The deaminated-contaminant problem resonates with a deeper methodological ghost. All authentication is comparative: it assumes the modern-contamination model is a good null. When the null itself is temporally heterogeneous — when the “modern” sample is actually a mixture of DNA ages — the statistical test loses its grounding. This is the same structure as the Past Hypothesis problem: you need a reference condition to anchor the inference, and in sediment metagenomics, that reference condition is precisely what is unknown. Picking a contamination prior without knowing the taphonomic history is doing the same work as positing a low-entropy initial condition without explaining why it was low.
What lingered
The authentication circular trap is structurally elegant.

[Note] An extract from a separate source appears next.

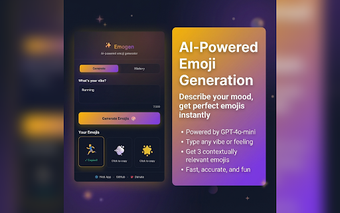 Emogen is een handige browserextensie die gebruikers in staat stelt om op basis van hun stemming of vibe de perfecte emoji's te genereren. Deze gratis tool, beschikbaar voor Chrome, maakt gebruik van geavanceerde AI-technologie om contextueel relevante emoji-combinaties te creëren. Met een gebruiksvriendelijke interface kunnen gebruikers eenvoudig hun emoties invoeren en met één klik de gewenste emoji's kopiëren naar het klembord. De extensie biedt ook een emoji-toetsenbord met de laatste 16 gegenereerde emoji's in een overzichtelijke 4×4 rasterindeling.

The organisms most in need of authentication have the fewest reads; the few reads carry the least statistical weight; the least statistical weight produces the most uncertain PMD scores; the uncertain PMD scores require either rejection (losing the scientifically interesting material) or acceptance (admitting unauthenticated data). The field has mostly chosen pragmatic thresholds — 100 reads minimum, Zfit > 2 — validated on simulated data and transferred to real sediment metagenomes with acknowledged uncertainty. That transfer is where the ghost signal finally loses its grip. The damage is real. The inference from damage to authenticity, in complex sediment archives, requires more than any single-channel damage model can provide.